Before playing, the board is set up. A double-sided square board, with the Town Center on one side and the Manor House on the other, is placed either side up depending on the scenario. Four L-shaped boards are then randomly chosen and placed around the center square.

Players are split into two teams, the Zombies and the Heroes. Up to two Zombie players and four Hero players can play and players are split into teams differently depending on the number of players. Four Hero characters are chosen randomly by the Hero team and split amongst the players. Depending on the scenario, each Hero character has their own starting location, special rules, and number of wounds they can take before they are dead. Zombie players roll a die to determine how many Zombies are placed on the board before play.

A Scenario then needs to be chosen, randomly or by vote. Each Scenario has a certain limit of turns, winning conditions, and other objectives.

Each team has their own deck of cards. The Hero Deck contains Events and Items, and the Zombie Deck contains Zombie Events. Each Hero character can only hold four Items at a time, two of them being Weapons. Cards may be played at any time, unless noted on the card or after a card has caused dice to be rolled.

Gameplay is split into two turns, the Zombie Turn and the Hero Turn. On the Zombie Turn, the Sun Track marker is moved to show the number of turns that have been taken so far. Zombie players then draw cards to bring their collective hand of cards up to four. They have the option of discarding one card per player at this point. Up to 14 Zombie miniatures can be in play at one time. To determine if more Zombies are spawned, two dice are rolled and if the sum is higher than the number of Zombies on the board, more Zombies are placed later in the turn. Zombies on the board are each moved up to one square on the board. Building walls do not block movement of the Zombies. If any of these moves causes a Zombie to be in a square adjacent from a Hero character, they automatically move into the same space.
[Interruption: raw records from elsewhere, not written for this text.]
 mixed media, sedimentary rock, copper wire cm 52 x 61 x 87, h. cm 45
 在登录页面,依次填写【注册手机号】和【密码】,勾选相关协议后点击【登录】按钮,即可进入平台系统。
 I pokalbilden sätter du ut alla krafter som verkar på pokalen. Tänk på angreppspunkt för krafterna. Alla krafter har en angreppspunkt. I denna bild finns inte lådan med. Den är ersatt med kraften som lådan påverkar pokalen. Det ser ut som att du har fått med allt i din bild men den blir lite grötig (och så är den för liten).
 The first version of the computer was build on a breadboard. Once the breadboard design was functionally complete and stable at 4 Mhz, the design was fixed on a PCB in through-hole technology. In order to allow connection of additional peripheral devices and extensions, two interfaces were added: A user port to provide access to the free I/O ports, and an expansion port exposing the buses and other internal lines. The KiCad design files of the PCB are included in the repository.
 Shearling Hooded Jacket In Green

Any Zombie in the same square as a Hero must now fight them. A Zombie player rolls one die, but wins on a tie and the Hero player rolls two dice and uses their higher number. If the Hero wins the fight, the Zombie is "fended off" but remains in place. If a Hero rolls doubles, however, the Zombie is killed and removed from the board. Cards, such as Hand Weapons or Events may be used to change the outcome of a fight.
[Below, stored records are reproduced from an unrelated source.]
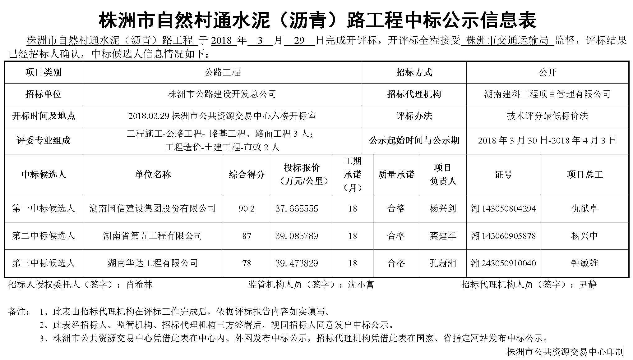 株洲市自然村通水泥(沥青)路工程中标公示信息表
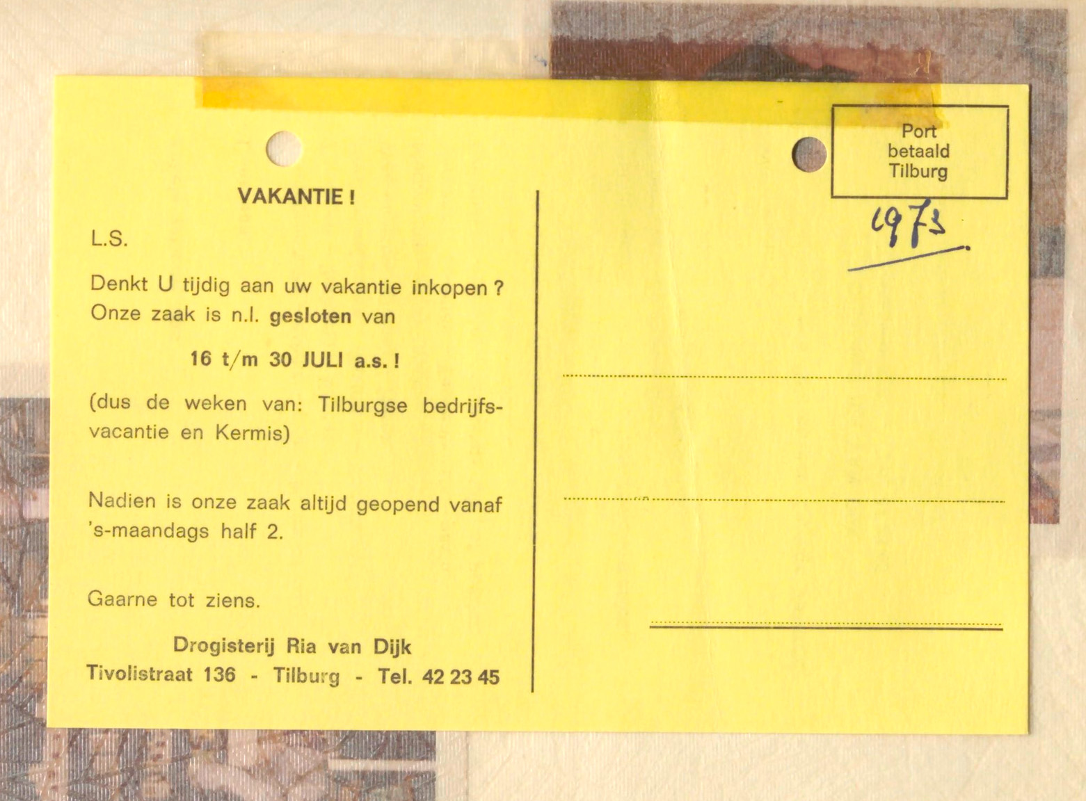 De drogisterij is een bloeiende onderneming met de zelfstandige en (onbedoeld) feministische Ria als middelpunt. Zo verkoopt ze als een van de eersten in Tilburg condooms. Weliswaar stiekem vanonder de toonbank, maar toch. Dit is volgens familieleden kenmerkend voor het eigenzinnige karakter van de Tilburgse onderneemster.
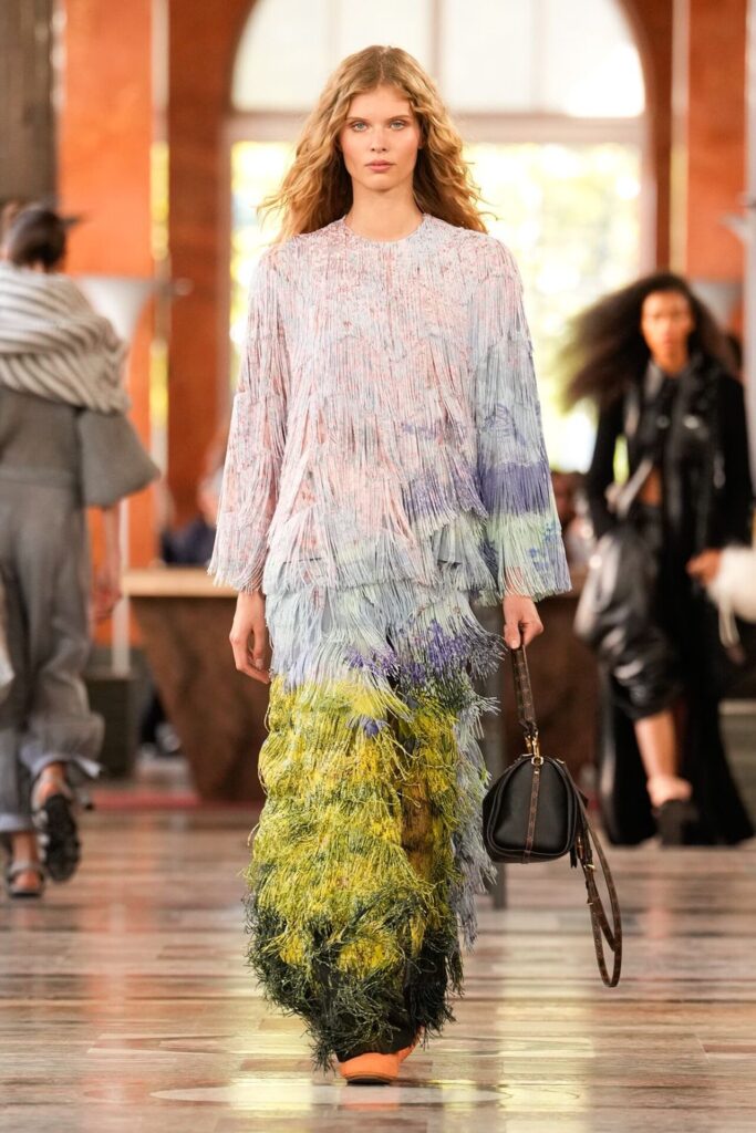 Louis Vuitton’un 2026 İlkbahar-Yaz defilesi tasarımları yumuşak dokular, akışkan siluetler ve cesur renk geçişleriyle ön plana çıkıyor. Katmanlarla oynanan kesimler, asimetrik detaylar ve hafif transparan dokular gibi unsurlar, markanın klasik çizgisine modern bir soluk katıyor.
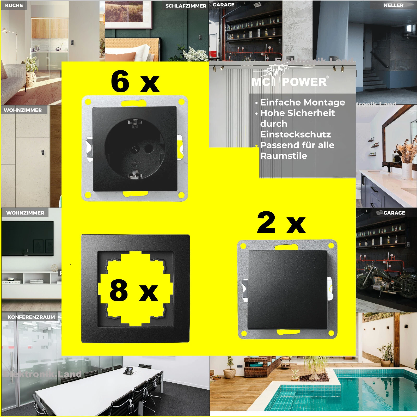 NR.51 | Schalter und Steckdosen Set Flair "STANDARD PROFI" - 20-TEILIG - STECKANSCHLUß - McPower, matt schwarz, EL-SET-101

The Zombie players now roll a die to see how many new Zombies are spawned, up to 6. When spawning Zombies they must be placed on one of the four Spawning Pits. Each L-shaped board has a single Spawning Pit. Before placing more than one Zombie on a Spawning Pit, each of the four Spawning Pits must first contain one of the newly spawned Zombies.

On the Hero Turn each Hero character takes their turn separately in any character order they wish. They first move or search. To move, a die is rolled and the Hero may move up to that many spaces. Some buildings have "Pick Ups", that let the player take a specific Item out of the discard pile instead of the top of the Hero Deck. If a Hero is in the same space as another Hero, Items may be exchanged between the characters. A ranged attack may now be made if the Hero has a Ranged Weapon. Each Ranged Weapon has a specific range and die roll needed to be successful. If successful, the Zombie is killed and removed from play. The Hero must now fight any Zombies sharing their space, as described in the Zombie Turn. Once all Hero characters have completed their individual turn, the Hero Turn ends.
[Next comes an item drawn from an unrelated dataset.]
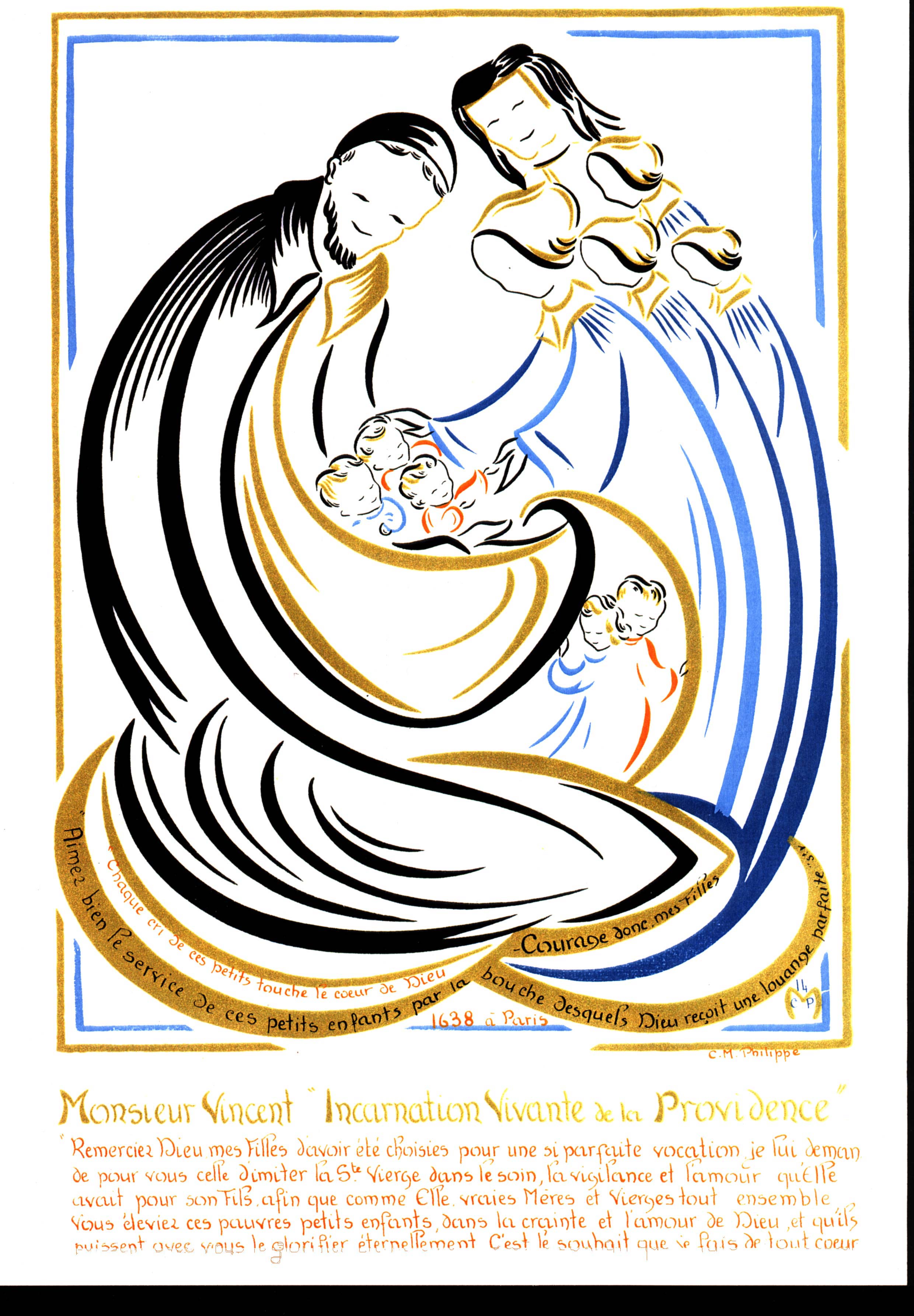 Vincent de Paul and Louise de Marillac, with Daughters of Charity, foundlings; drawings by C.M. Philippe; may be subject to copyright

Either team wins by completing their Scenario Objective. In addition, the Zombie team wins automatically by killing four Hero characters or causing the last card of the Hero Deck to be discarded. Depending on the Scenario, one team loses if they do not complete their Scenario Objective before the turn limit has been reached.

==Expansions==

===Growing Hunger (2008)===
The Growing Hunger expansion adds three new scenarios as well as a two player mini-game. It introduces new game mechanics including a modular 'Dots' system to incorporate different rules to any existing scenario. It includes four new Heroes, as well as seven new red Zombies for use as Plague Carriers, Grave Dead, or to increase the Zombie Horde to 21 instead of the normal 14. New modular game board sections expand the town and feature unique buildings such as the Supermarket, Library, and Antique Shop. New game cards let Zombie players steal weapons from the Heroes and add more powerful double-handed weapons to the Heroes arsenal, such as Garden Shears and the Fence Post. Also included are two new die-cut counter sheets adding Free Search Markers for the Heroes as well as many other counters to the Last Night on Earth toolbox for use with official web content or creating custom scenarios.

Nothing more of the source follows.